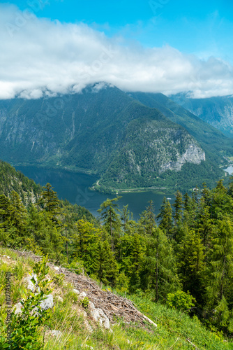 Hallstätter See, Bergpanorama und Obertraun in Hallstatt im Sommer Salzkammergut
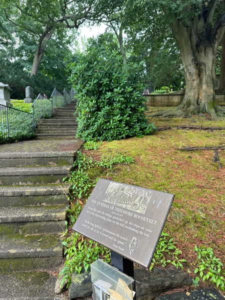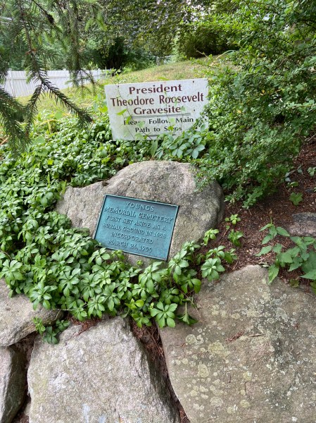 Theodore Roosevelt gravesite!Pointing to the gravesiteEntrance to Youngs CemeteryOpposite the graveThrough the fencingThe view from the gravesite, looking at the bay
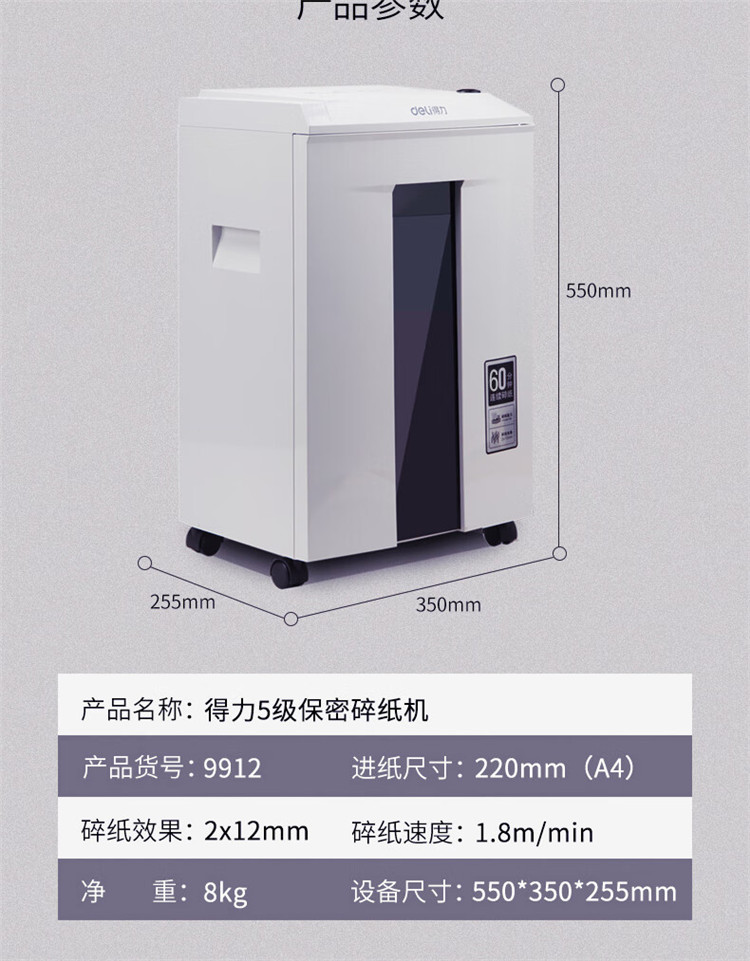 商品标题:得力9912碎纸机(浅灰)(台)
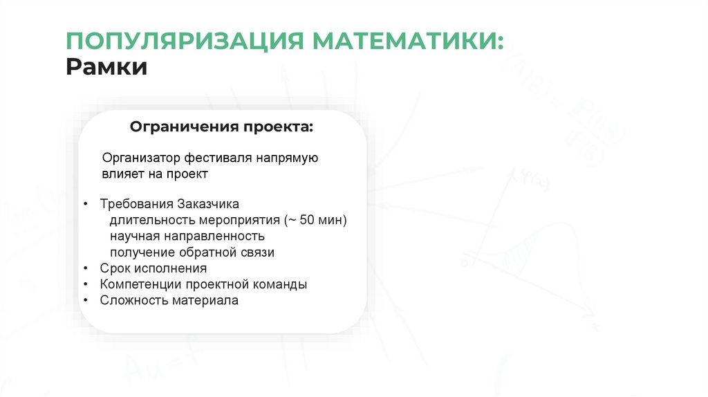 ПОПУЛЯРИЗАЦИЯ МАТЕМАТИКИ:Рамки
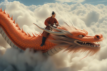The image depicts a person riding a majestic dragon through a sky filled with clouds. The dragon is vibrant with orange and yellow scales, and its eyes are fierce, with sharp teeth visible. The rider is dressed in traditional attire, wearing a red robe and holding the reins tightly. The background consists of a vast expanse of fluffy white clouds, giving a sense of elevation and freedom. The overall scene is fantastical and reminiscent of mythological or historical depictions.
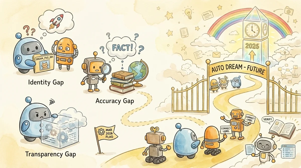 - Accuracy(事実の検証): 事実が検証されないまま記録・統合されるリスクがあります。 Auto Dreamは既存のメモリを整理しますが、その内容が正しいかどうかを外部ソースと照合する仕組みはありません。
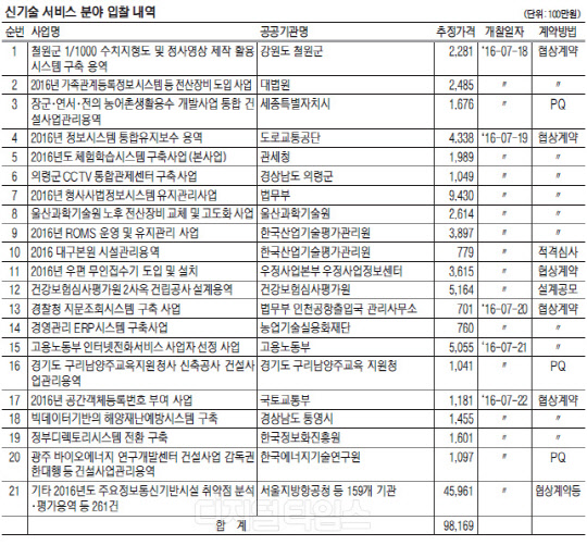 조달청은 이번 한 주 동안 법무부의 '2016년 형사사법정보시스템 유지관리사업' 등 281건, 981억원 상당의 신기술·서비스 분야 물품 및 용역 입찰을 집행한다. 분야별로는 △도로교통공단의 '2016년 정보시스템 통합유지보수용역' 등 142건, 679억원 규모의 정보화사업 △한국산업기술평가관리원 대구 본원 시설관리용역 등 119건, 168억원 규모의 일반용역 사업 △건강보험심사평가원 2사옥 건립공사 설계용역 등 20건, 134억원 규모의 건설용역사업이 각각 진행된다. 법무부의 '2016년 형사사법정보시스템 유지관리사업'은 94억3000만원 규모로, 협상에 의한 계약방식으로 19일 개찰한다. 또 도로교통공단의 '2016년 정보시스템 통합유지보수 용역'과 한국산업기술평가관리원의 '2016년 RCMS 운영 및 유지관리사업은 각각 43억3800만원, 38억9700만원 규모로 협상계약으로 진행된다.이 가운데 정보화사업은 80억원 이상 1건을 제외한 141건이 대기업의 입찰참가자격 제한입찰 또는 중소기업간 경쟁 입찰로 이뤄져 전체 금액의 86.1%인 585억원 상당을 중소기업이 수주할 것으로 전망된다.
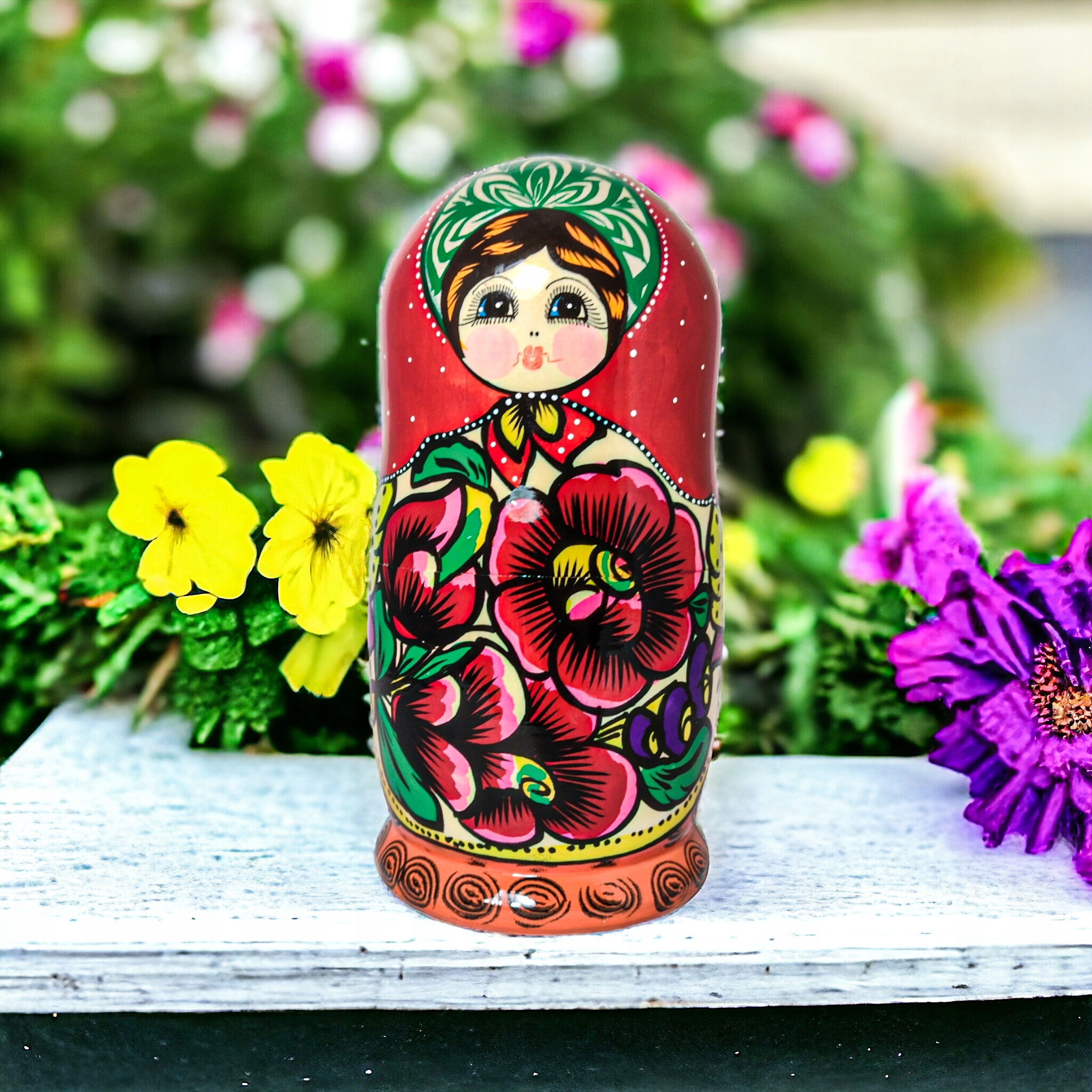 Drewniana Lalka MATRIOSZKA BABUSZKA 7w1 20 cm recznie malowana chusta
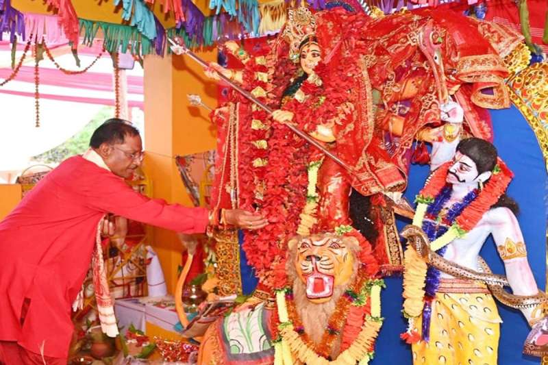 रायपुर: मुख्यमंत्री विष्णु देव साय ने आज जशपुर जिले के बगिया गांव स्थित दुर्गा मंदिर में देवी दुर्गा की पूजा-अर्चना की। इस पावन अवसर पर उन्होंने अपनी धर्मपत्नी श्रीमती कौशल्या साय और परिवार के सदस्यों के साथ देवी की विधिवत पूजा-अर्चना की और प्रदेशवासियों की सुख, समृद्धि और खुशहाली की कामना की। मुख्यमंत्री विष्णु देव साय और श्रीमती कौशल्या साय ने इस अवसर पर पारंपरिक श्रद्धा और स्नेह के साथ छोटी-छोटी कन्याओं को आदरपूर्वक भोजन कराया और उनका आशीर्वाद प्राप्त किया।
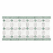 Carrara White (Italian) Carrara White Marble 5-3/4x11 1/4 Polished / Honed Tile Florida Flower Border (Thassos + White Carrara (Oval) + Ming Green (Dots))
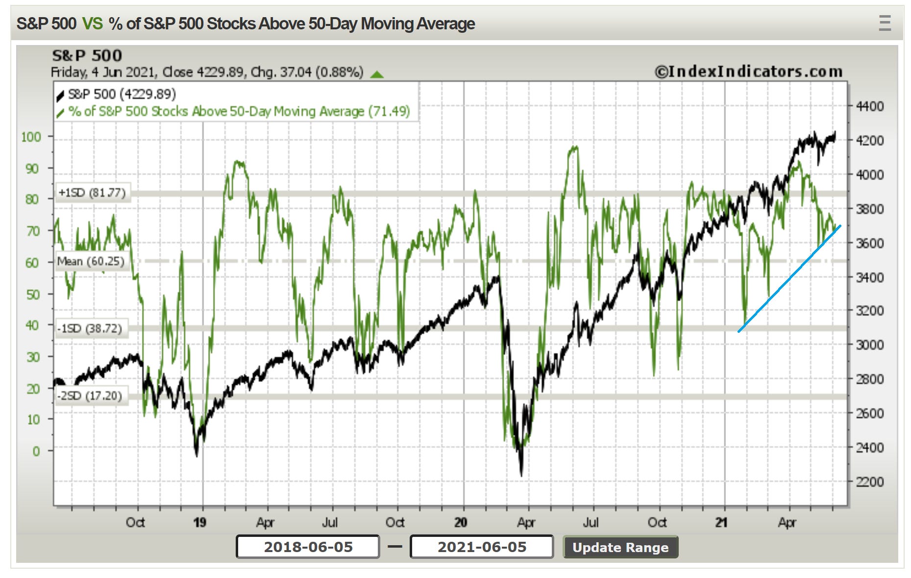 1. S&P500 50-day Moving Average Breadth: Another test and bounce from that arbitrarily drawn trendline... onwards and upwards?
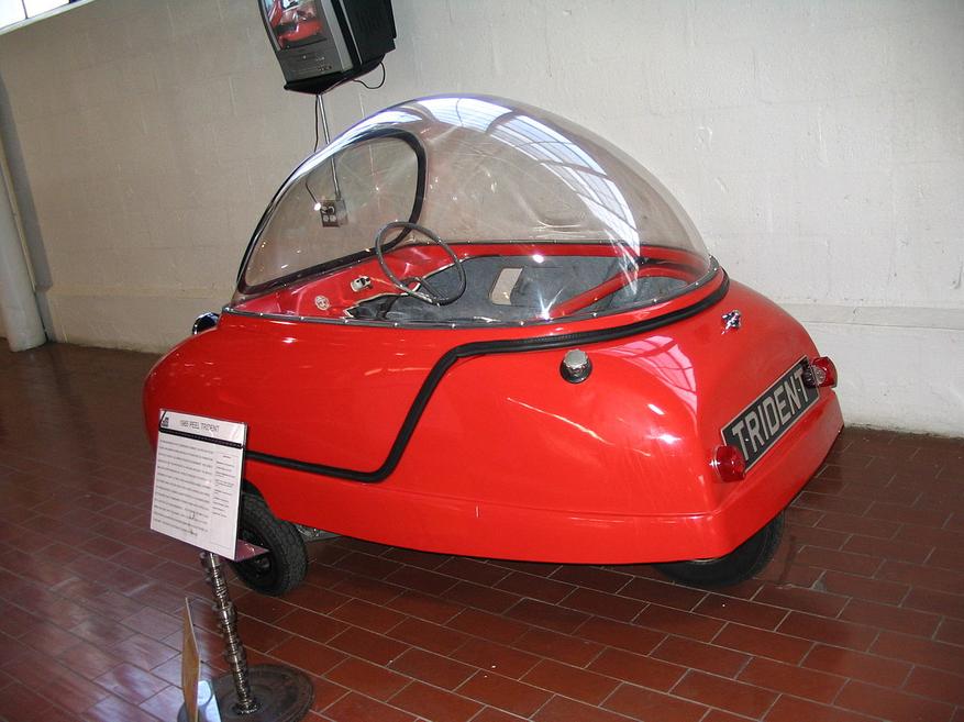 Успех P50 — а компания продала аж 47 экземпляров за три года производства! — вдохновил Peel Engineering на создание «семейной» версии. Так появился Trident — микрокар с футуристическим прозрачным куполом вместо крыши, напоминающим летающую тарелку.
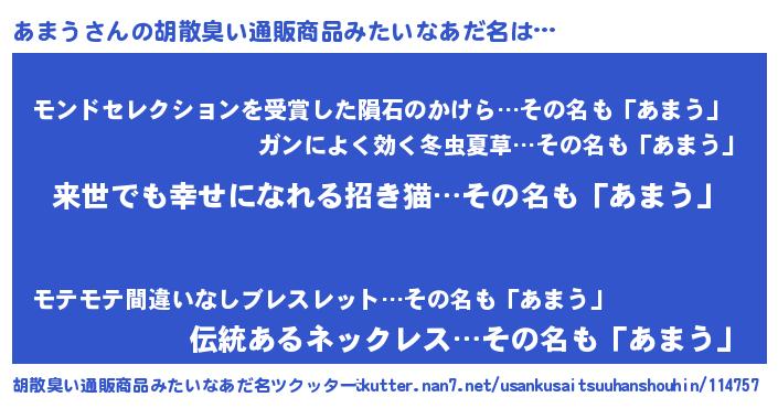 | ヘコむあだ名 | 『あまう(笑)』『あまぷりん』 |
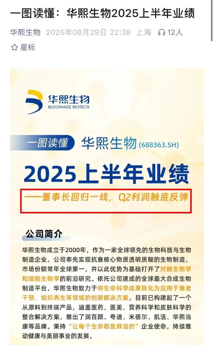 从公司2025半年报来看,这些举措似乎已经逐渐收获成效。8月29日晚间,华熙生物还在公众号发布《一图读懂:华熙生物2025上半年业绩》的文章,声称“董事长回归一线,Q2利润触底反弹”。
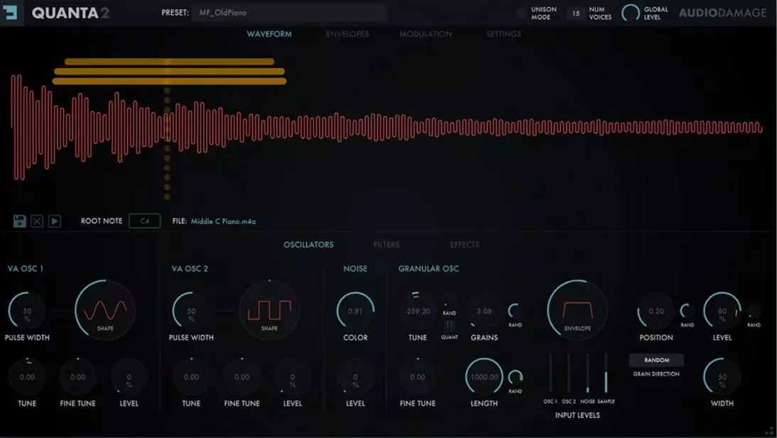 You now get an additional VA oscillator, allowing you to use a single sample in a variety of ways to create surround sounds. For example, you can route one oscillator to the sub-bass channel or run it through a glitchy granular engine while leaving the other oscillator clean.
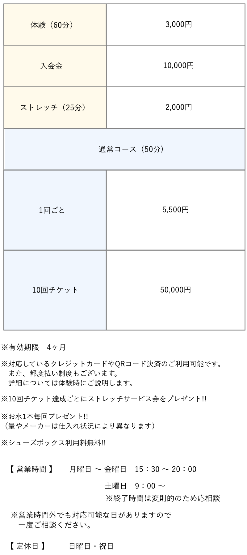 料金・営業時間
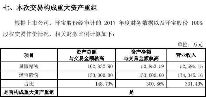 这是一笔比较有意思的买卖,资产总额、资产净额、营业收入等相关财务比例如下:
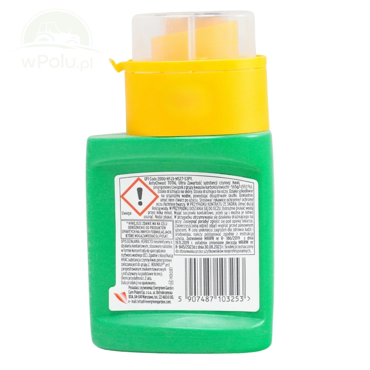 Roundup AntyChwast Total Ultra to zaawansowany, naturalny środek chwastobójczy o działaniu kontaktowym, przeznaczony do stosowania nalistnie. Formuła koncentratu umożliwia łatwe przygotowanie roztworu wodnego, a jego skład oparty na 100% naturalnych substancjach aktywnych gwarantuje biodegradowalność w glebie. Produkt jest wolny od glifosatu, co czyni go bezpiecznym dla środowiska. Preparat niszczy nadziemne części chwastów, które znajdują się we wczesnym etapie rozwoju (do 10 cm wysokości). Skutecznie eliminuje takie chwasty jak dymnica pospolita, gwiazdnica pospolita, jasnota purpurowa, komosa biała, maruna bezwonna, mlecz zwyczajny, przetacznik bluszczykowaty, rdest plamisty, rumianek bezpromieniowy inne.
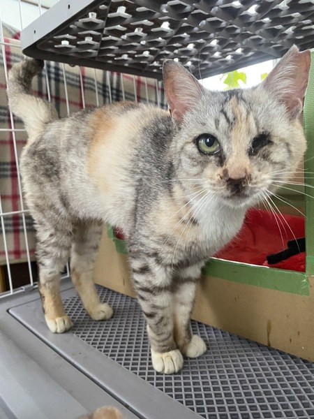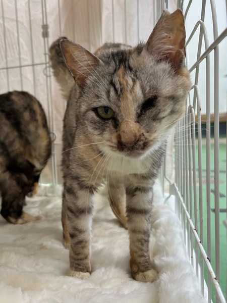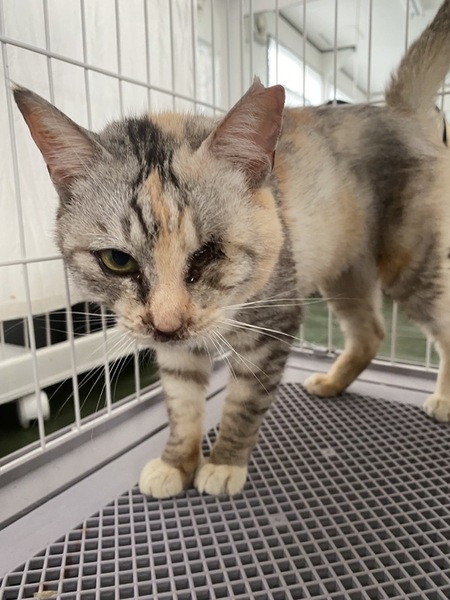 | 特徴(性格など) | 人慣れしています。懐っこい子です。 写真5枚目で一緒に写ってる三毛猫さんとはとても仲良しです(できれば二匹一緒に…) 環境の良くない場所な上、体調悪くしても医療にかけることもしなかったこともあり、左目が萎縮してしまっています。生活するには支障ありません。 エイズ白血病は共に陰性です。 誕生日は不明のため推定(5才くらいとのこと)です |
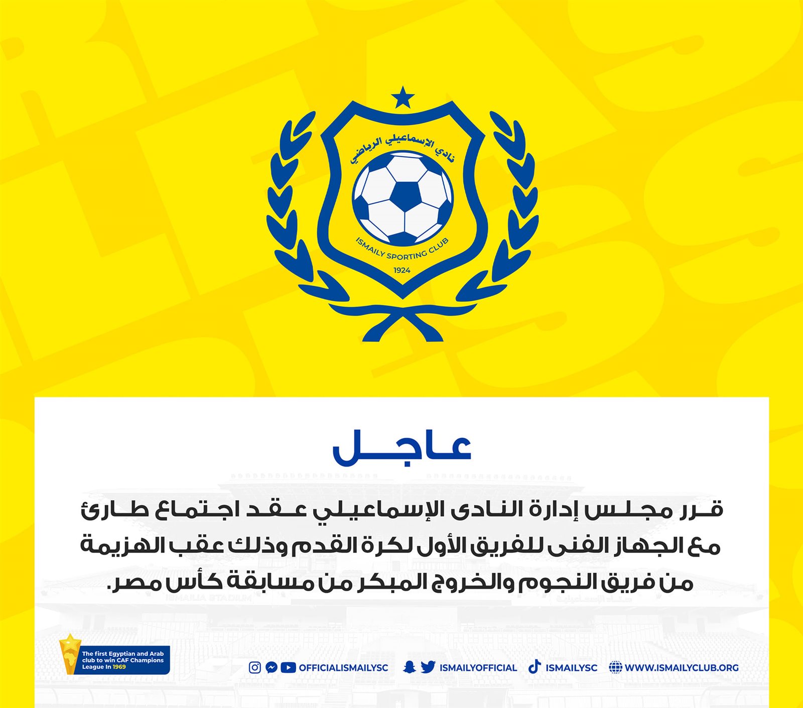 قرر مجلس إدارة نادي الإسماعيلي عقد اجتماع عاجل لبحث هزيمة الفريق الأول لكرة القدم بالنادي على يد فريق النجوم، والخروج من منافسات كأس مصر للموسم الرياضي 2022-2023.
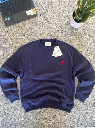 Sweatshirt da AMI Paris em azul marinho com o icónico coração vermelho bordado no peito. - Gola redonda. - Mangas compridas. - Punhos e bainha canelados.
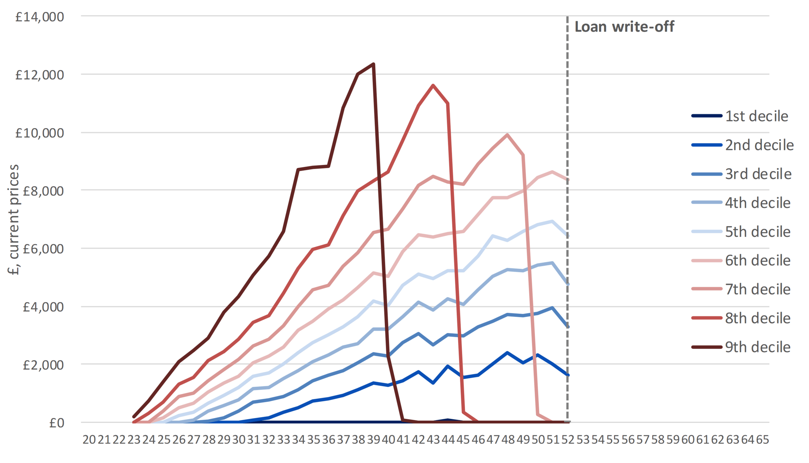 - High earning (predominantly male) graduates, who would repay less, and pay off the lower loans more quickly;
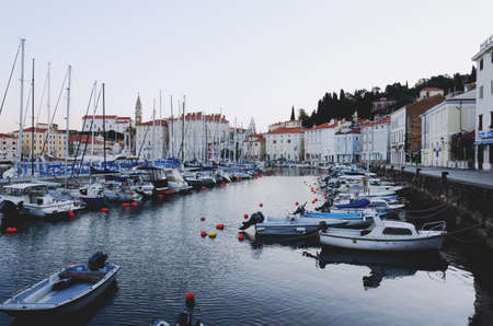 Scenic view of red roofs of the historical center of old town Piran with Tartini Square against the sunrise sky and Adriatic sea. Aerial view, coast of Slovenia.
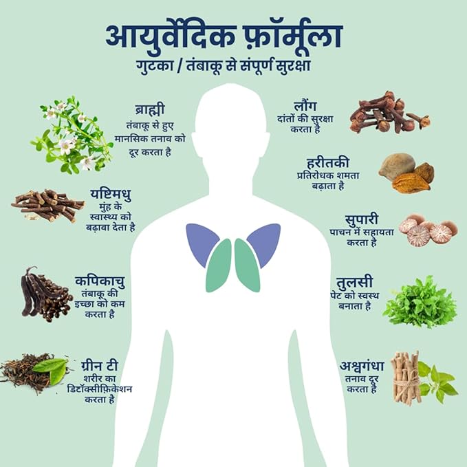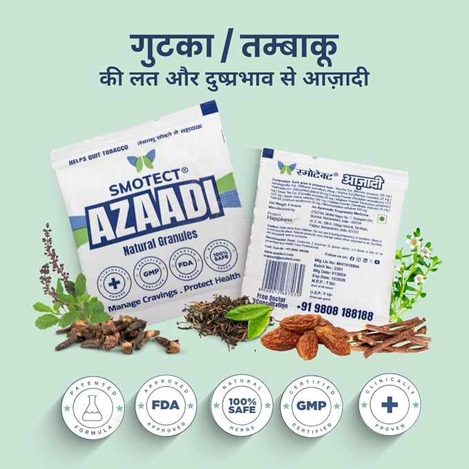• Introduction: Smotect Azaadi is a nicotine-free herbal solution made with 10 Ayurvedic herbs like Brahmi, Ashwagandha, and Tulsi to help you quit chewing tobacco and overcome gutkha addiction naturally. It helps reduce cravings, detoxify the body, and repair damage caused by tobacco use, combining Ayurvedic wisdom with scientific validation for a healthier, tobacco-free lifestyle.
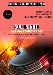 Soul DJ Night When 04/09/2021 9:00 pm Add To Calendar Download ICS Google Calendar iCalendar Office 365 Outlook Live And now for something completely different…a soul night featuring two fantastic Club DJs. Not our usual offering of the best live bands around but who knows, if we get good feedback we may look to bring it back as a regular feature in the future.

• **Exercise objective**:
Leave the pictures out and please restate exactly the lines running from the start of the material through the one with "Drewniana Lalka MATRIOSZKA".

• **Response to this task**:
 Hallstätter See, Bergpanorama und Obertraun in Hallstatt im Sommer Salzkammergut
 Theodore Roosevelt gravesite!Pointing to the gravesiteEntrance to Youngs CemeteryOpposite the graveThrough the fencingThe view from the gravesite, looking at the bay
 商品标题:得力9912碎纸机(浅灰)(台)
 ПОПУЛЯРИЗАЦИЯ МАТЕМАТИКИ:Рамки
The image depicts a person riding a majestic dragon through a sky filled with clouds. The dragon is vibrant with orange and yellow scales, and its eyes are fierce, with sharp teeth visible. The rider is dressed in traditional attire, wearing a red robe and holding the reins tightly. The background consists of a vast expanse of fluffy white clouds, giving a sense of elevation and freedom. The overall scene is fantastical and reminiscent of mythological or historical depictions.
 - Accuracy(事実の検証): 事実が検証されないまま記録・統合されるリスクがあります。 Auto Dreamは既存のメモリを整理しますが、その内容が正しいかどうかを外部ソースと照合する仕組みはありません。
 조달청은 이번 한 주 동안 법무부의 '2016년 형사사법정보시스템 유지관리사업' 등 281건, 981억원 상당의 신기술·서비스 분야 물품 및 용역 입찰을 집행한다. 분야별로는 △도로교통공단의 '2016년 정보시스템 통합유지보수용역' 등 142건, 679억원 규모의 정보화사업 △한국산업기술평가관리원 대구 본원 시설관리용역 등 119건, 168억원 규모의 일반용역 사업 △건강보험심사평가원 2사옥 건립공사 설계용역 등 20건, 134억원 규모의 건설용역사업이 각각 진행된다. 법무부의 '2016년 형사사법정보시스템 유지관리사업'은 94억3000만원 규모로, 협상에 의한 계약방식으로 19일 개찰한다. 또 도로교통공단의 '2016년 정보시스템 통합유지보수 용역'과 한국산업기술평가관리원의 '2016년 RCMS 운영 및 유지관리사업은 각각 43억3800만원, 38억9700만원 규모로 협상계약으로 진행된다.이 가운데 정보화사업은 80억원 이상 1건을 제외한 141건이 대기업의 입찰참가자격 제한입찰 또는 중소기업간 경쟁 입찰로 이뤄져 전체 금액의 86.1%인 585억원 상당을 중소기업이 수주할 것으로 전망된다.
 Drewniana Lalka MATRIOSZKA BABUSZKA 7w1 20 cm recznie malowana chusta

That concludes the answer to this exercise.